Assignment: Please output exactly the lines below, starting at the line that has "Wear it one" and ending at the line that has "Merry Christmas Script", both included; leave out all pictures and include nothing else.

Records for the exercise:
*** Block opens ***
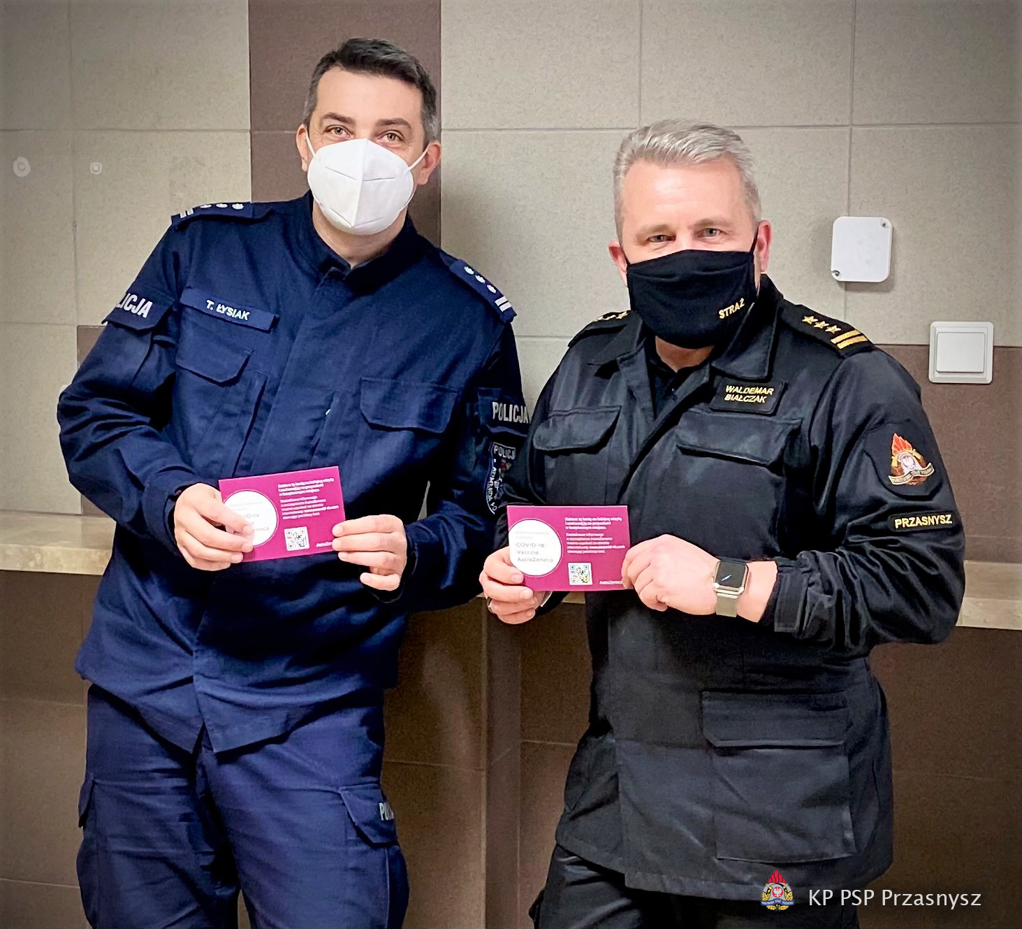 Komendant Powiatowy Państwowej Straży Pożarnej w Przasnyszu st.bryg. Waldemar Białczak oraz Komendant Powiatowy Policji insp. Tomasz Łysiak zapoczątkowali proces szczepień w przasnyskim szpitalu dla funkcjonariuszy służb mundurowych.
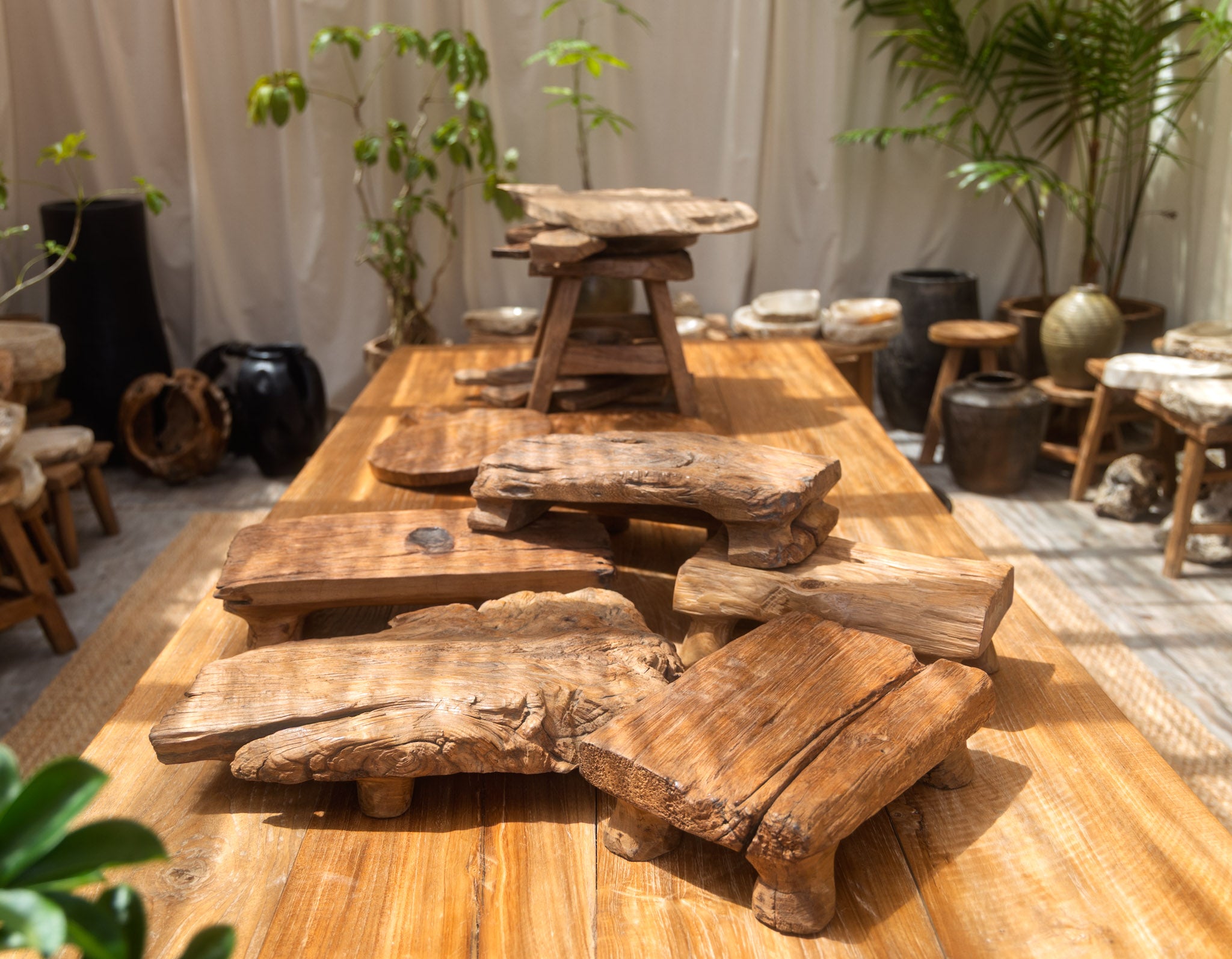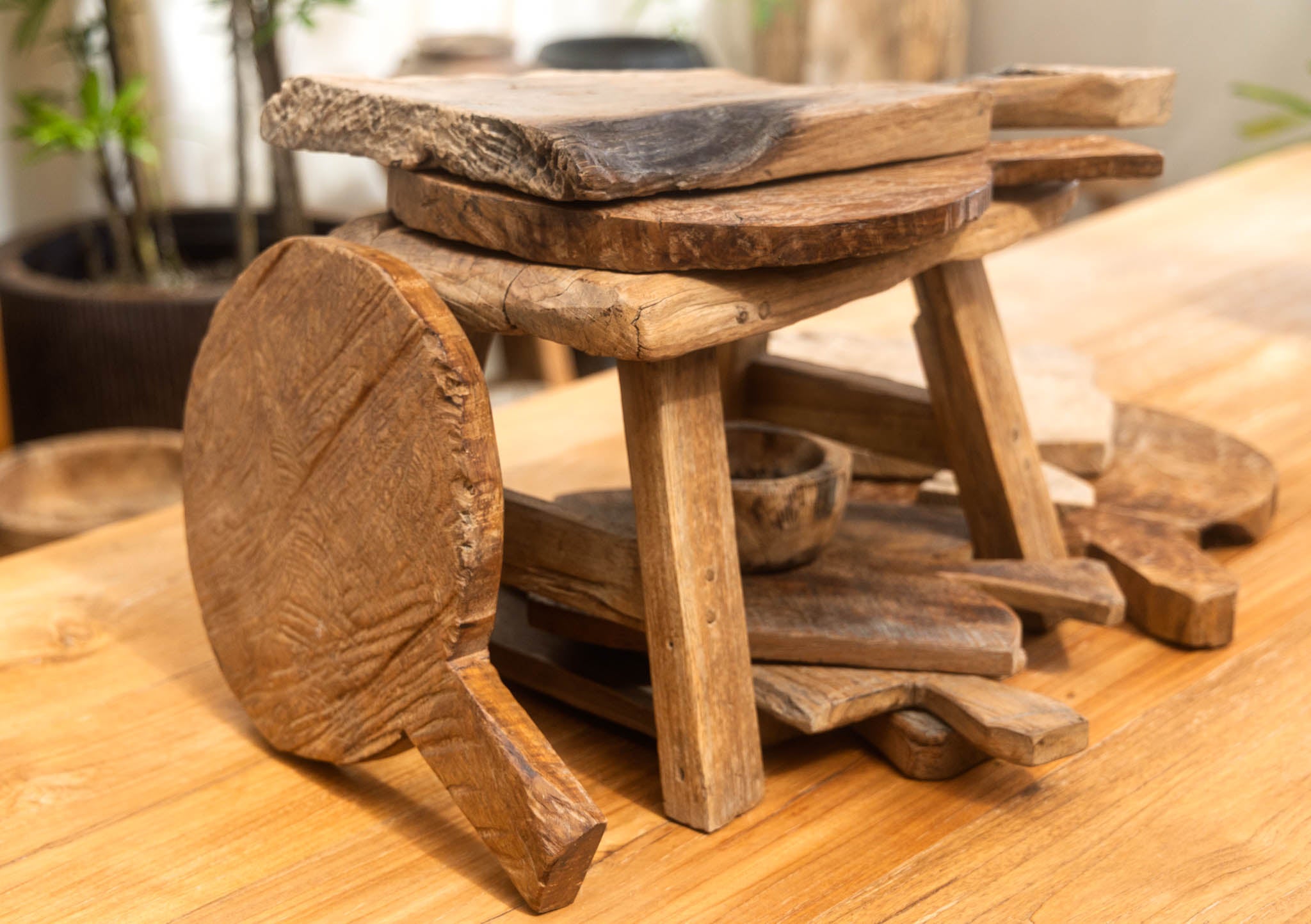 Handcrafted from reclaimed teak, each board shows unique grain, texture, and character.
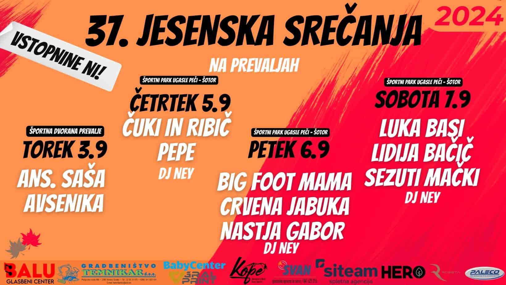V soboto, 7. septembra, pa bodo za nepozaben zaključek letošnjih jesenskih srečanj poskrbeli Sezuti Mački, Luka Basi in Lidija Bačič.
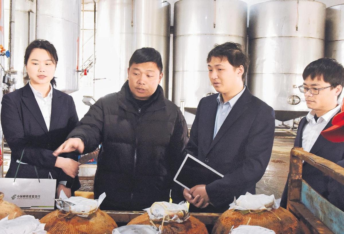 邮储银行南丰县支行工作人员走访酒厂客户。
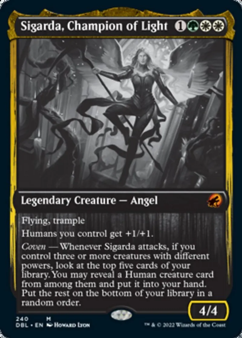 Coven — Whenever Sigarda attacks, if you control three or more creatures with different powers, look at the top five cards of your library. You may reveal a Human creature card from among them and put it into your hand. Put the rest on the bottom of your library in a random order. | ||
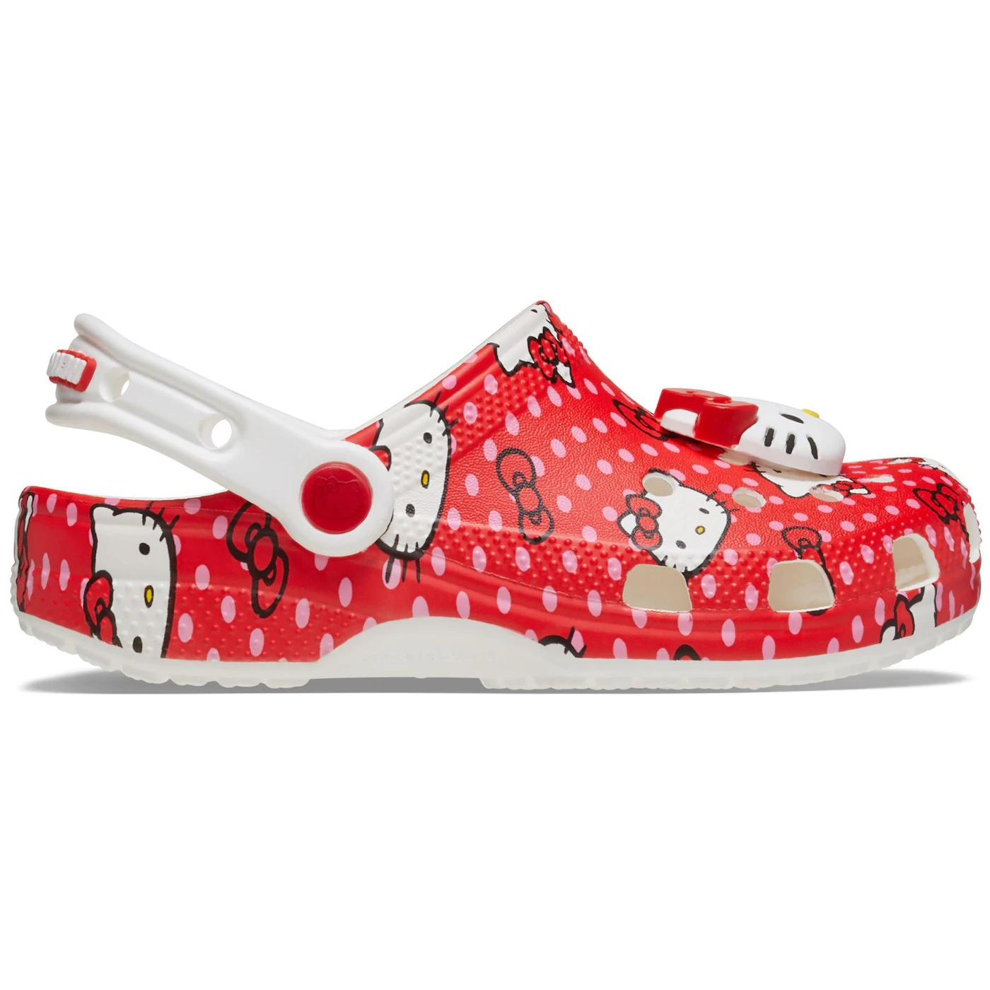 The Crocs Classic Clog Hello Kitty Red Polka Dots (Kids) features a Red/White colorway. This Crocs Classic Clog was first released for $55 on July 30, 2024.
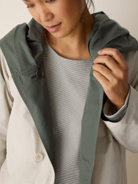 Wear it one day, reverse it the next. A versatile hooded coat with a button front, in a cotton nylon weave with subtle sheen. Style No. S6OFQ-C0506 DESIGN - Close at the shoulders, wider at the hem. A silhouette that fits the body with ease. - Select colors may vary by store. - Kalyane is 5'10" and wears a size S, which measures 36 inches on the body. Size 1X measures 37 1/2 inches on the body. - Hood, button front with corozo buttons. - Patch pockets. - Style No. S6OFQ-C0506 FABRIC - Our choice for outerwear. A fine weave with a sophisticated sheen, now made with nylon that's been recycled from discarded fishing nets. - Machine wash cold. Line dry. - Made in Indonesia. 97% Organic Cotton.3% Spandex. SUSTAINABILITY - Recycled nylon keeps waste out of the landfill. It's part of our commitment to changing the way clothes are made.
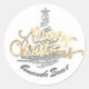 Merry Christmas Script Name Gold Grey White Classic Round Sticker
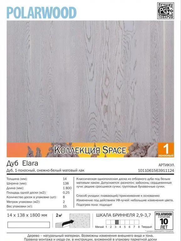 Паркетная доска POLARWOOD Classic Однополосная Дуб Элара Премиум снежно-белый матовый лак (14*138*1800/8шт/2,0 м2/упак)
*** Block closes ***
Result:
 Wear it one day, reverse it the next. A versatile hooded coat with a button front, in a cotton nylon weave with subtle sheen. Style No. S6OFQ-C0506 DESIGN - Close at the shoulders, wider at the hem. A silhouette that fits the body with ease. - Select colors may vary by store. - Kalyane is 5'10" and wears a size S, which measures 36 inches on the body. Size 1X measures 37 1/2 inches on the body. - Hood, button front with corozo buttons. - Patch pockets. - Style No. S6OFQ-C0506 FABRIC - Our choice for outerwear. A fine weave with a sophisticated sheen, now made with nylon that's been recycled from discarded fishing nets. - Machine wash cold. Line dry. - Made in Indonesia. 97% Organic Cotton.3% Spandex. SUSTAINABILITY - Recycled nylon keeps waste out of the landfill. It's part of our commitment to changing the way clothes are made.
 Merry Christmas Script Name Gold Grey White Classic Round Sticker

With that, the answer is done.